For adults, the applications shift toward vocational skills and independent living. A young adult transitioning to living on their own might practice identifying different cleaning supplies and matching them to the right surface: window cleaner for glass, disinfectant for countertops. In a workplace setting, discrimination training can help someone learn which tasks belong to their role versus a coworker’s, or how to sort materials into the correct categories.

In special education classrooms, discrimination training is a go-to method for teaching foundational academic skills like identifying colors, shapes, letters, and numbers. Board Certified Behavior Analysts (BCBAs) and Registered Behavior Technicians (RBTs) use it across these settings, adapting the complexity and format to match the learner’s current skill level.
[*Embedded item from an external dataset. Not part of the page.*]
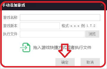 6、弹出手动添加游戏界面,通过浏览或拖拽将需要添加MOD游戏添加到麦块中,点击【确定】。

How Discrimination Relates to Generalization

Discrimination and generalization are two sides of the same coin. Discrimination is about responding differently to different stimuli. Generalization is about responding the same way across similar stimuli or new contexts. A child who learns to identify the color red using one set of objects needs to also recognize red on objects they’ve never seen before. That’s generalization.

Good discrimination training actually promotes generalization. When a learner truly understands the relevant feature of a stimulus (the color red, for instance, rather than the specific red block they practiced with), they can transfer that skill to new situations. Therapists plan for this by varying the materials, settings, and people involved in training so the learner doesn’t become locked into responding only under the exact conditions where they first learned the skill.

This interplay matters because the ultimate goal is never just to get a correct answer on a therapy table. It’s for the learner to use the skill in daily life, in places and situations that look nothing like a structured session. Discrimination training builds the precision, and generalization training ensures the skill travels.